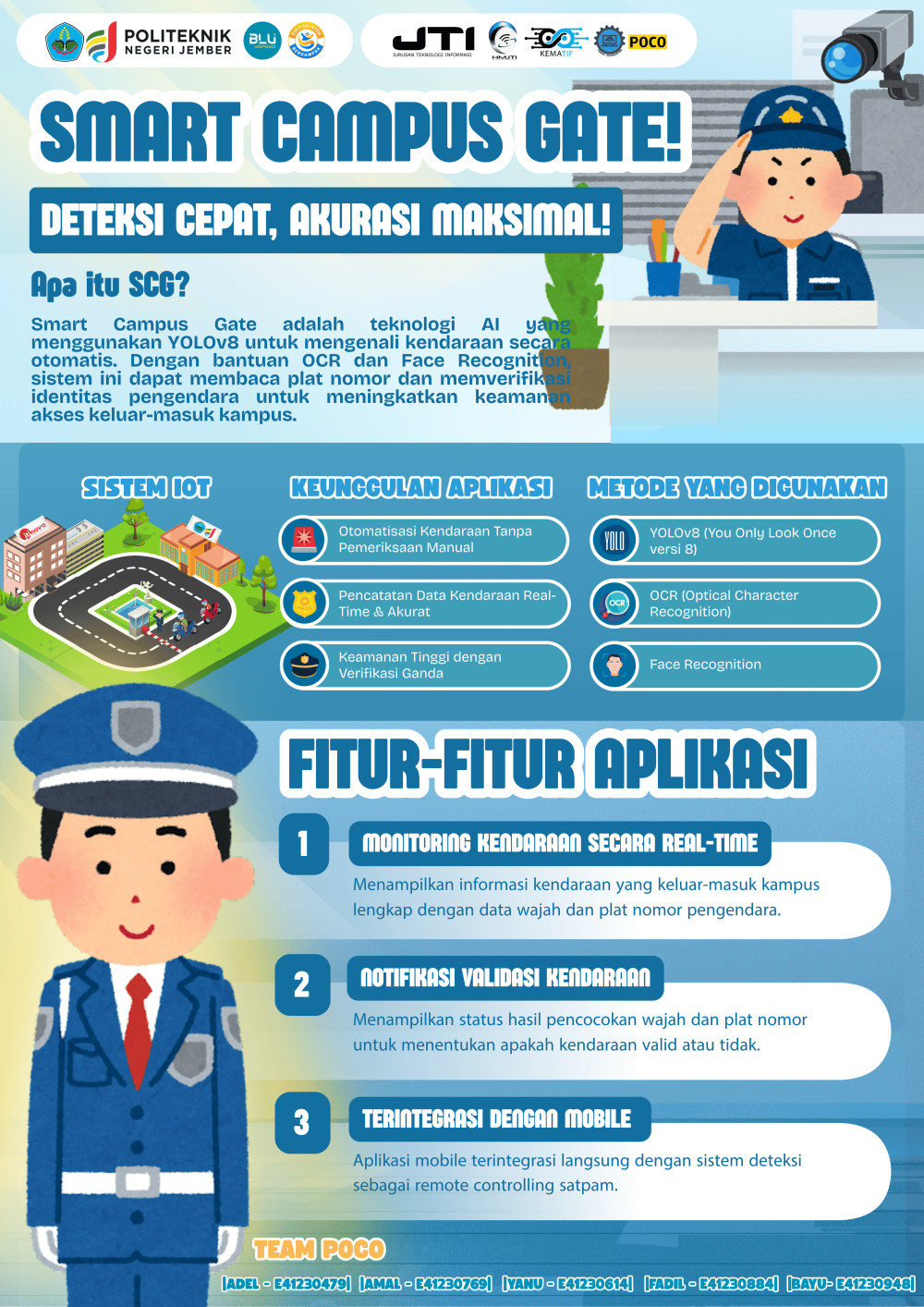 Smart Campus Gate merupakan inovasi keamanan kampus berbasis AI yang menggabungkan YOLOv8, OCR, dan Face Recognition untuk melakukan deteksi dan verifikasi kendaraan secara otomatis. Dengan monitoring real-time dan keamanan berlapis, sistem ini menghadirkan kontrol akses yang cepat, aman, dan efisien.
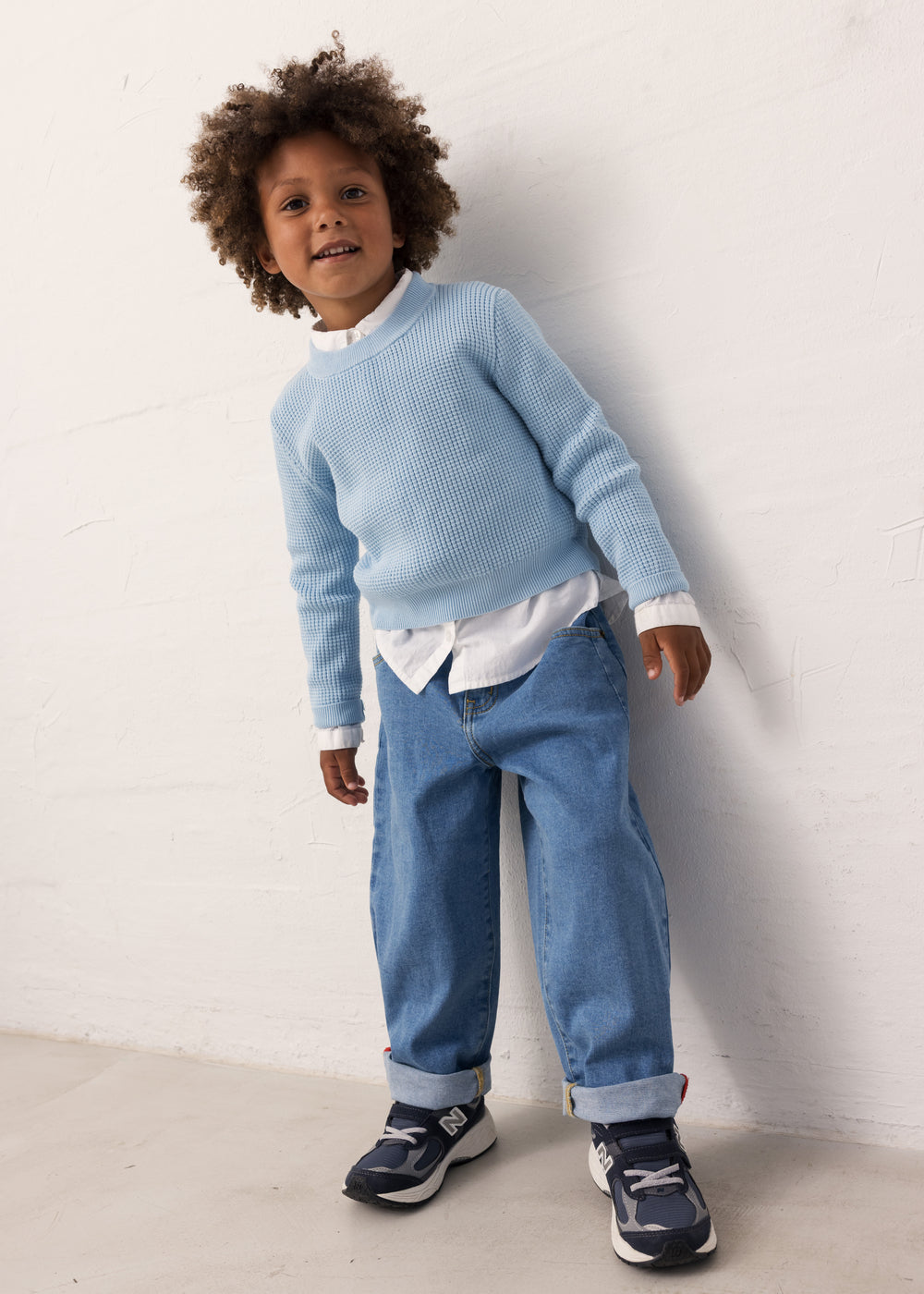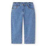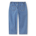 Classic jeans in a soft cotton denim, with 5 pockets and a slightly baggy fit. The jeans have a wide elastic waist that can be adjusted inside and closes with a button and zipper.
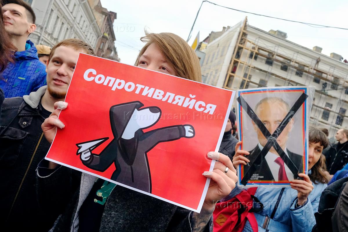 Несанкционированная акция протеста сторонников оппозиционера Алексея Навального "Он нам не царь" Санкт-Петербурге.
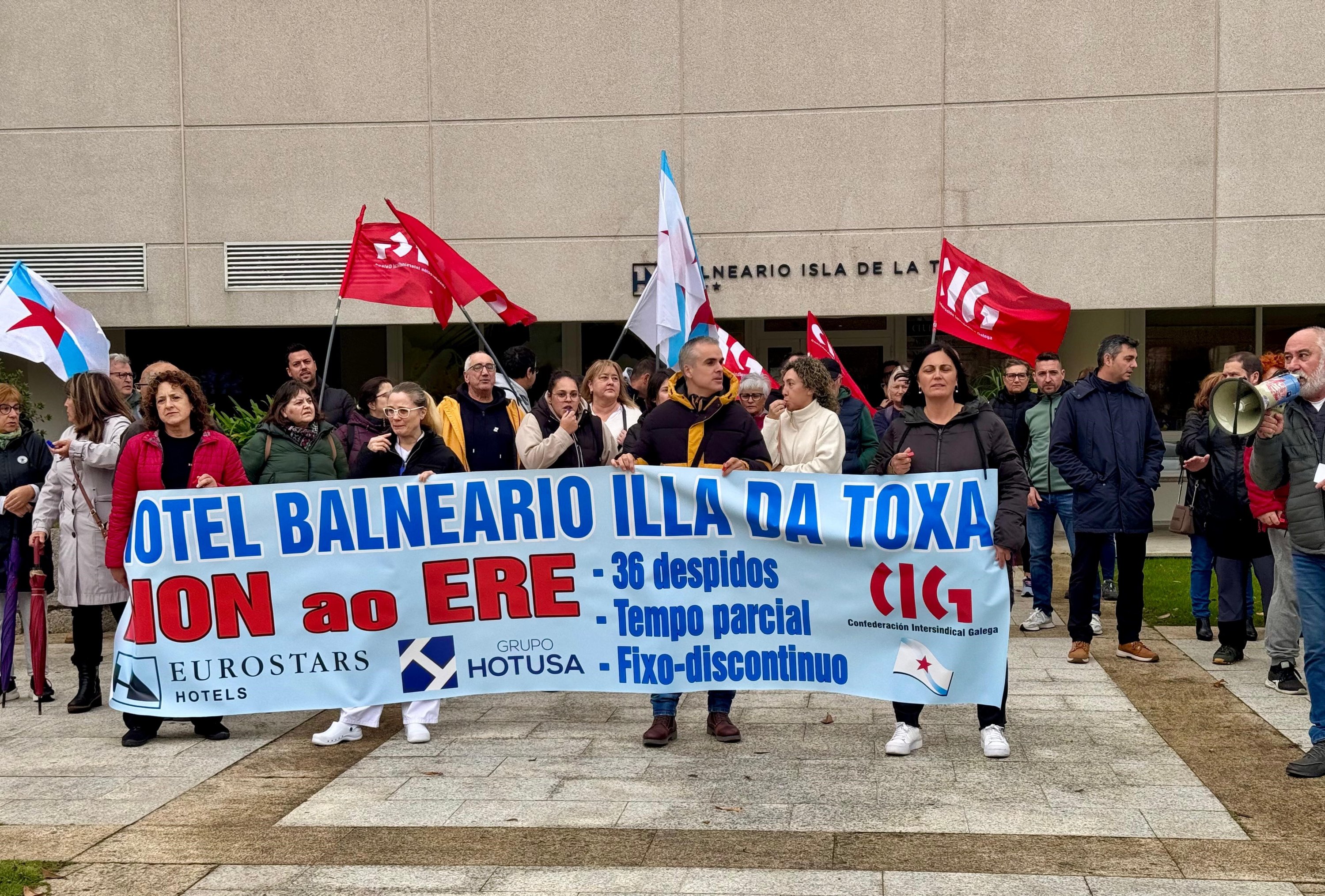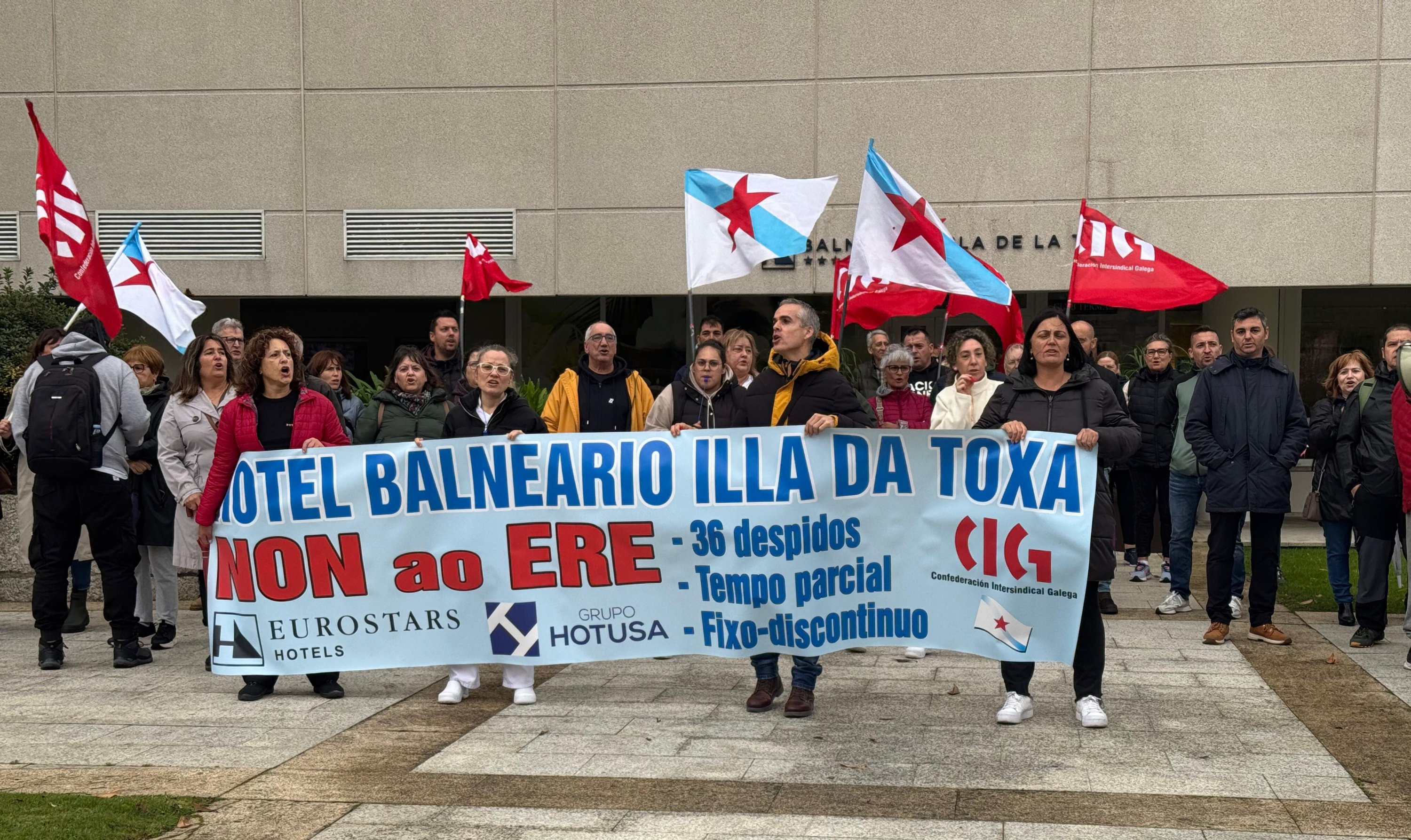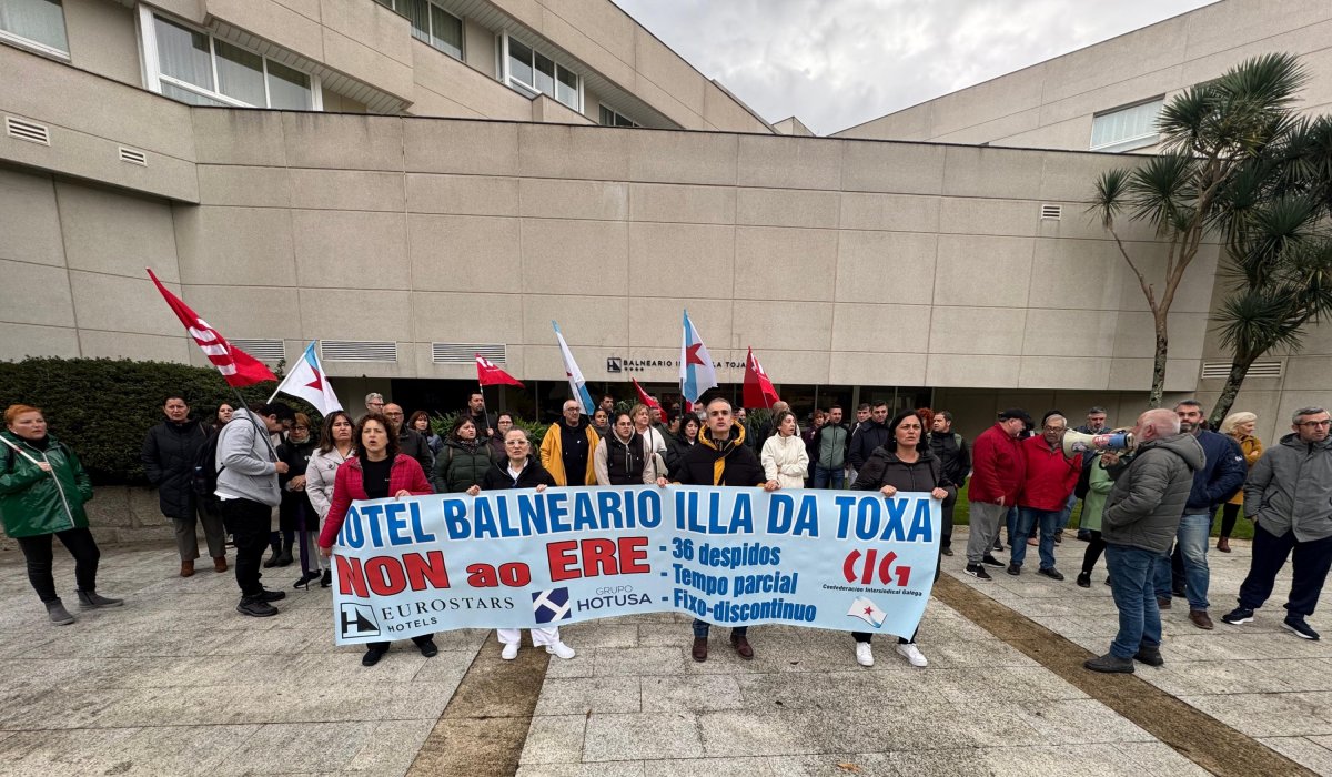 Persoas traballadoras e clientes do Hotel Balneario Eurostars Illa da Toxa mobilizáronse hoxe diante do establecemento para amosar o seu rexeitamento ao ERE extintivo e a chantaxe da empresa, que pretende precarizar aínda máis as condicións laborais a cambio de reducir os despidos. As protestas continuarán este sábado 23 e o martes 26.
___
Output the data above without changes, apart from leaving out the pictures.

▶ TASK RESPONSE
 Smart Campus Gate merupakan inovasi keamanan kampus berbasis AI yang menggabungkan YOLOv8, OCR, dan Face Recognition untuk melakukan deteksi dan verifikasi kendaraan secara otomatis. Dengan monitoring real-time dan keamanan berlapis, sistem ini menghadirkan kontrol akses yang cepat, aman, dan efisien.
 Classic jeans in a soft cotton denim, with 5 pockets and a slightly baggy fit. The jeans have a wide elastic waist that can be adjusted inside and closes with a button and zipper.
 Несанкционированная акция протеста сторонников оппозиционера Алексея Навального "Он нам не царь" Санкт-Петербурге.
 Persoas traballadoras e clientes do Hotel Balneario Eurostars Illa da Toxa mobilizáronse hoxe diante do establecemento para amosar o seu rexeitamento ao ERE extintivo e a chantaxe da empresa, que pretende precarizar aínda máis as condicións laborais a cambio de reducir os despidos. As protestas continuarán este sábado 23 e o martes 26.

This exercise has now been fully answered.